═════ Source records
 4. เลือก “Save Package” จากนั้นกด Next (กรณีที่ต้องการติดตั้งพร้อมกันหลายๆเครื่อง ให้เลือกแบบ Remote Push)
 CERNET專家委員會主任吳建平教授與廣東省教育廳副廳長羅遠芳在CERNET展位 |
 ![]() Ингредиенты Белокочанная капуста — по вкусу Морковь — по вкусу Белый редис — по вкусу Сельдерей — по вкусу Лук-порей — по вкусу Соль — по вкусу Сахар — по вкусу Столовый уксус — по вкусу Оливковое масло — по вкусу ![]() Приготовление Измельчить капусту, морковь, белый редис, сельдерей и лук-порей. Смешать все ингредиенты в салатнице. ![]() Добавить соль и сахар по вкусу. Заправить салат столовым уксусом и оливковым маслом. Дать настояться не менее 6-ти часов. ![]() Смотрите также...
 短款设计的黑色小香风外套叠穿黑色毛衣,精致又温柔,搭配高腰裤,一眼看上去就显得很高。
══════════
═════ Source records
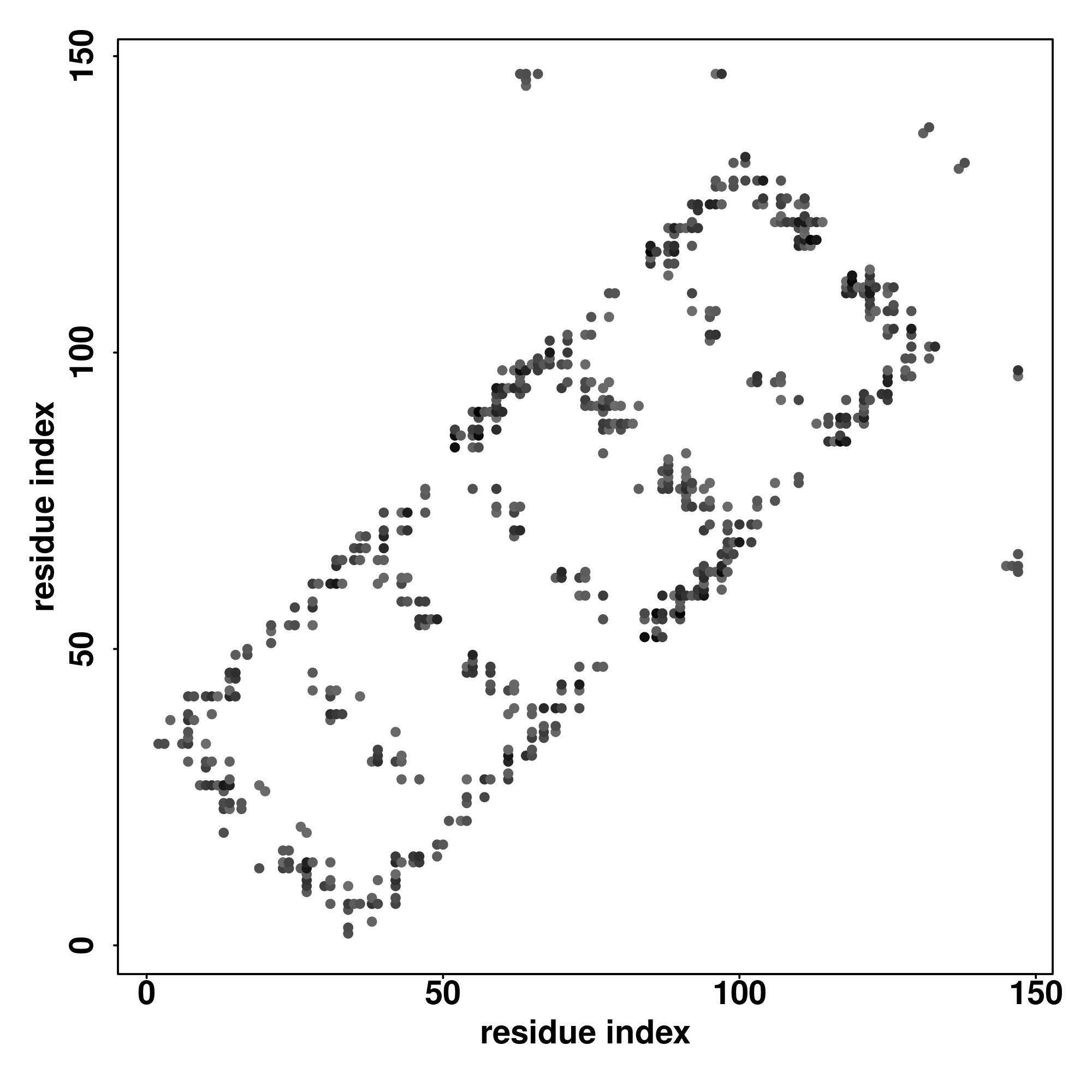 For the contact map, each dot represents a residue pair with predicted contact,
══════════
In the entries above, find the line with "CERNET專家委員會主任吳" and the line with "短款设计的黑色小香风外套叠穿", then restate word for word both of them and every line between, with nothing more.

_Solved exercise:_
 CERNET專家委員會主任吳建平教授與廣東省教育廳副廳長羅遠芳在CERNET展位 |
 ![]() Ингредиенты Белокочанная капуста — по вкусу Морковь — по вкусу Белый редис — по вкусу Сельдерей — по вкусу Лук-порей — по вкусу Соль — по вкусу Сахар — по вкусу Столовый уксус — по вкусу Оливковое масло — по вкусу ![]() Приготовление Измельчить капусту, морковь, белый редис, сельдерей и лук-порей. Смешать все ингредиенты в салатнице. ![]() Добавить соль и сахар по вкусу. Заправить салат столовым уксусом и оливковым маслом. Дать настояться не менее 6-ти часов. ![]() Смотрите также...
 短款设计的黑色小香风外套叠穿黑色毛衣,精致又温柔,搭配高腰裤,一眼看上去就显得很高。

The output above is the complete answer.